Thursday, March 13, 2008
Get Thee behind Me, Martellato
There are things I do because I think they're right and things I do because I think they're funny, and unfortunately the latter tend to outnumber the former. It's a pathology, really. I read church newsletters. I menace squirrels. I buy people wind-up sushi for their birthdays.
I attend handbell concerts.
I mean, what isn't funny about handbells? They're shiny, oddly-shaped, and of limited utility. They have loony, antic overtones, require earnest concentration to play, and are blessed with a repertoire of overwhelming depth and dreadfulness. Go, handbells go!
So it goes without saying that the moment I discovered that a Presbyterian handbell choir was giving a concert (free pizza reception to follow) at a church a half-mile from my house was the moment I cleared my calendar. Handbells!!! I scratched: three exclamation points. And when the glorious day arrived, I bundled up, put on my silliest winter hat, and set off into the tinkly blue yonder.
Only to receive cruel karmic punishment in the form of Serious Thoughts:
1) Handbells are a unique musical endeavor. Normally in musical groupings (choirs, orchestras, chamber ensembles), the sound is layered like a hero sandwich, each instrument pursuing its own line through time/space. Apart from hocketers, handbell players are the only musicians I can think of who actually dice music, splitting it not only horizontally into different chord tones, but making quick vertical cuts to the melody and harmony lines as well. Sure, keyboard players divide lines between different fingers, but what other musicians divide lines between different people?
(Does it make you listen more carefully than you would if you had your own bone of a line to drag off to your den? Does it humble you? Is it any fun?)
2) Art is messy. And art is messy not because artists can't find their rear ends in broad daylight, though this is true, but because, with art, you get fooled into thinking you're absorbing information in one modality when really you're absorbing it in two. Case in point, music and movement. The handbells drew my attention to the overlap because they're so physical, coaxing smooth, choreographed movements from their players. It looks like dancing. It is dancing.

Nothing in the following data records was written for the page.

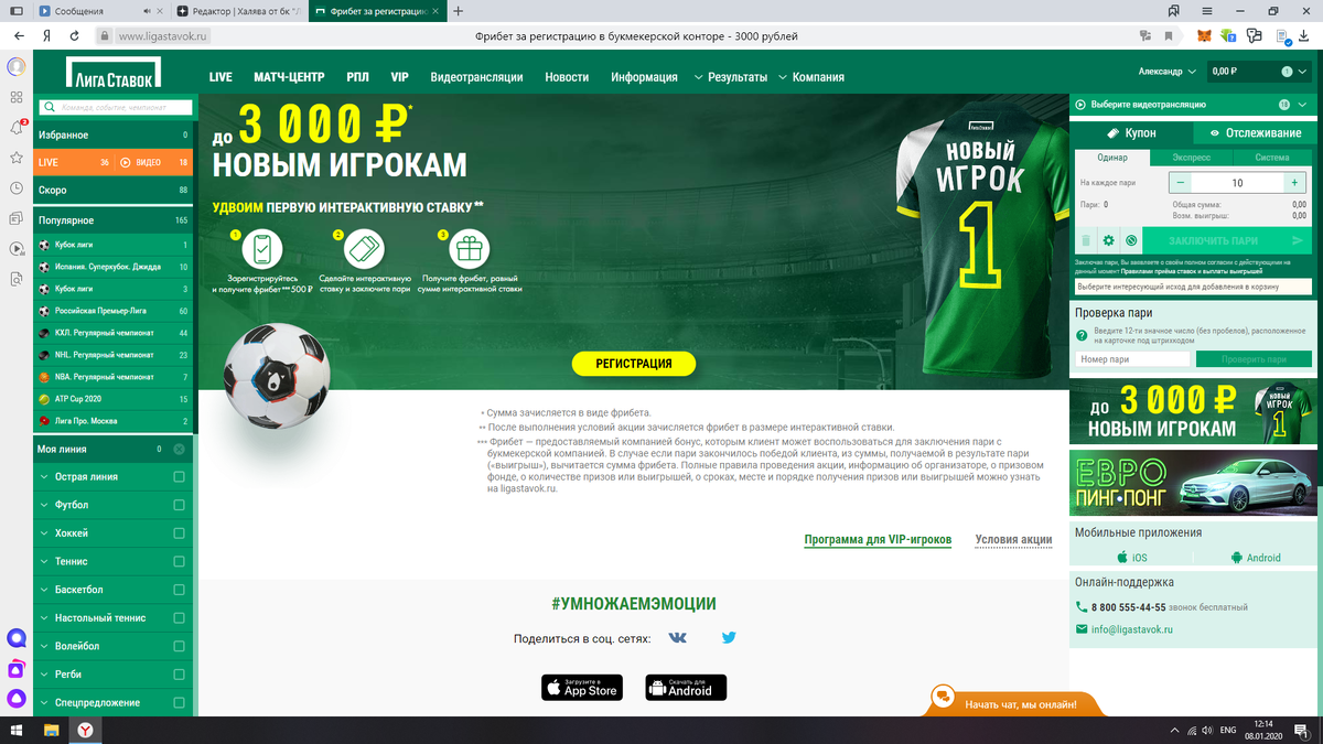 Переходим по ссылке https://www.ligastavok.ru/ и создаем аккаунт для удобства лучше скачать приложение далее проходим индетификацию можно пройти как на сайте так и в их конторе когда вы подтвердите свои данные вам начислят фрибеты от 500 до 3000 как это работает? А вот допустим вы ставить 1000 фрибетов на кэф 2.1 то получите 2100-1000 фрибетов=1100 рублей которые можете вывести действуйте)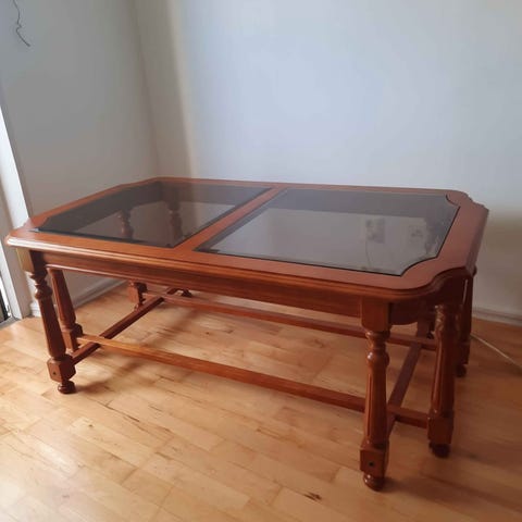 Ovalt soffbord med avtagbar glasskiva. Finns en liten repa i ena hörnet.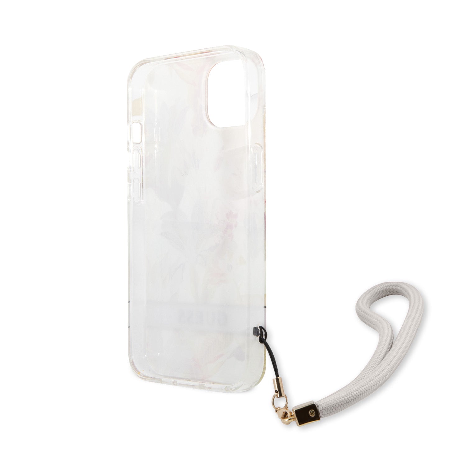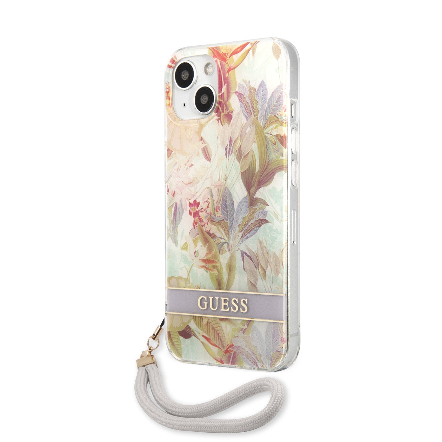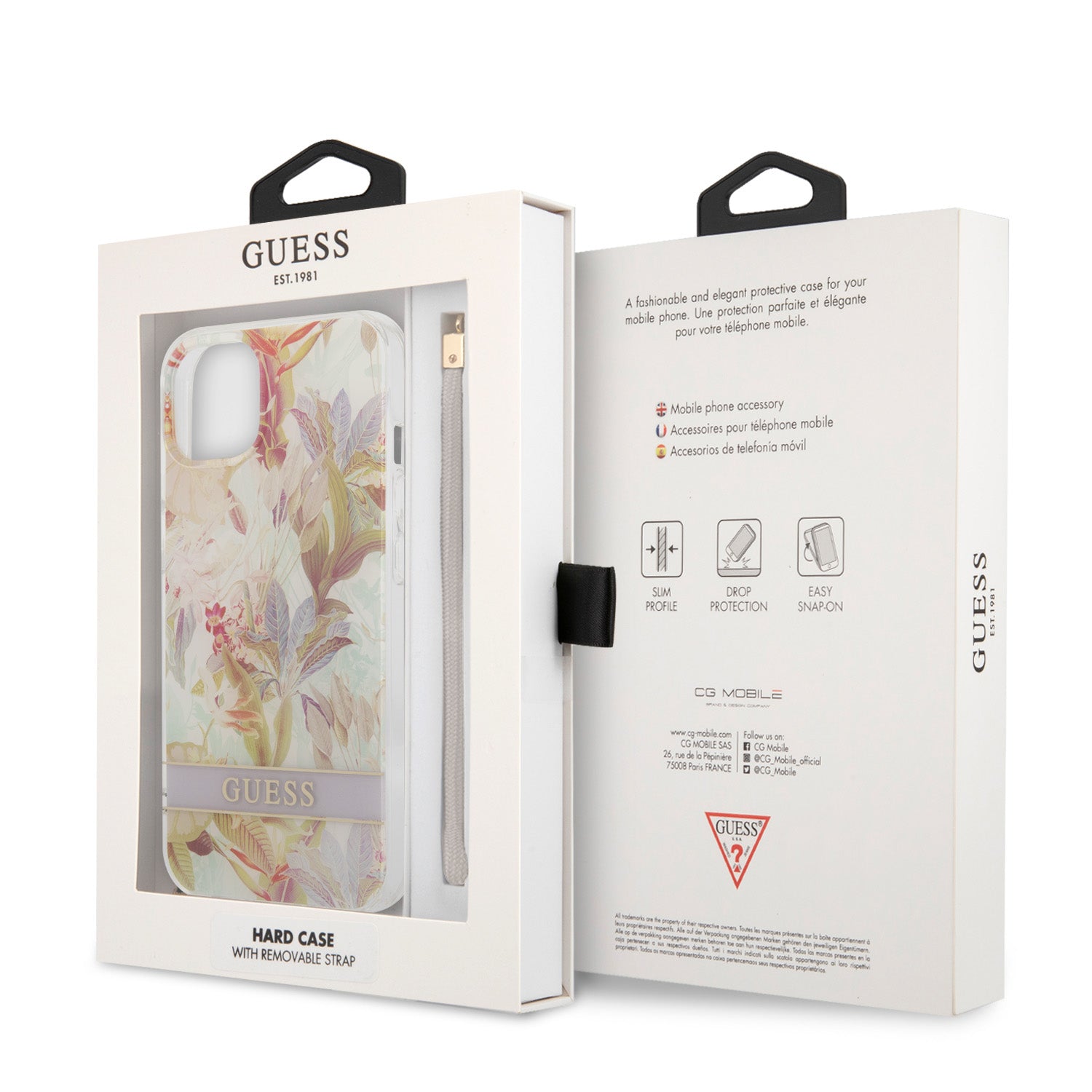 Dale un toque femenino, moderno y elegante a tu iPhone 14 Plus con la Case Guess Flores con Brillos en color lila, una funda premium que combina detalles florales con efectos de glitter que resaltan con la luz.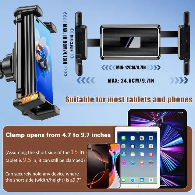 Strong Clamp Upgrade! The four clamping points of the YTDSUP fixture have been upgraded, which can not only extend left and right, but also expand up and down. When the four points are fully expanded, it will be more stable to clamp tablets. It is recommended to clamp the long side for smaller devices such as mobile phones, and the short side for larger devices such as tablets. The opening width of the fixture can reach 246 millimeters (9.7 inches). This YTDSUP upgrade bracket is suitable for Various Large-Screen Tablets and Phones
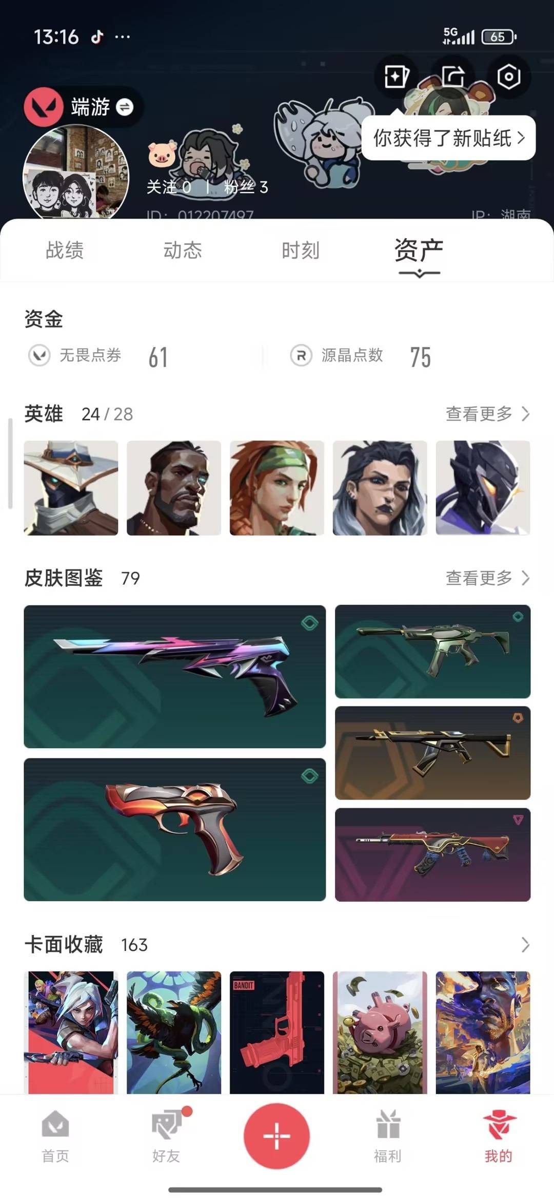 20橙皮 7紫皮 79皮肤 24英雄 163卡面 1330已用源晶 超凡段位 【亮点皮肤】狂徒-2023全球冠军赛 【近战武器皮肤】诡秘蛇影威龙之刃蝴蝶刀-奇点//2.0影刃鬼丸国纲影钩紫金爪刀阿特拉斯指挥部天玄刀 【佩呛皮肤】鬼魅-天界神兵正义-奇点正义-西部未来 【步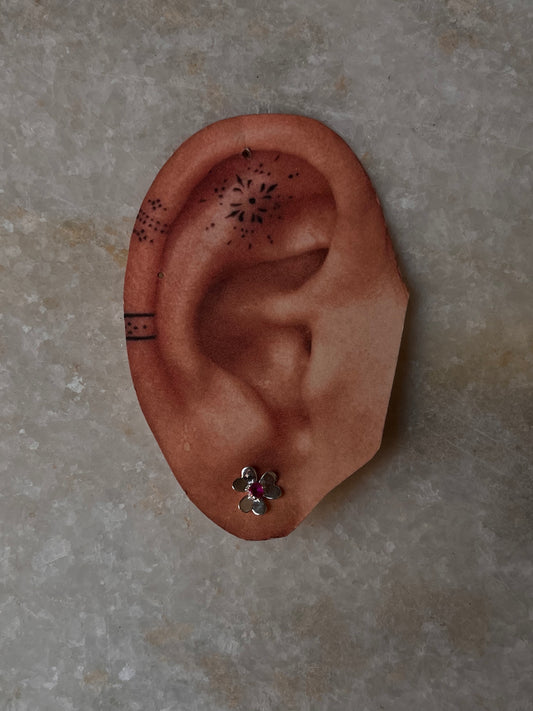 Ruby Lab Grown Flower 925 Sterling Silver Studs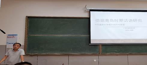 7月16日下午,广东外语外贸大学德语国家研究中心主任刘齐生教授应邀为我校师生做了题为“德据青岛时期话语研究”的讲座。本次讲座由外语学院院长卞建华教授主持,外语学院200余名本科生、研究生和部分教师到场聆听讲座。

This made me think about when I was young, and the first thing non-musicians would tell me when I played was that I was fun to watch. I've leached the movement out of myself over time, but it's dawned on me that the reason concerts are more vivid than recordings is that you do get to watch, in real time, music moving through a person's body. It can be electrifying: a rawer, less conscious descant to the sound. Music is, for all its abstractness, fundamentally of the body.
It's funny it took handbells to make me see it. Just not funny-ha-ha. Sigh.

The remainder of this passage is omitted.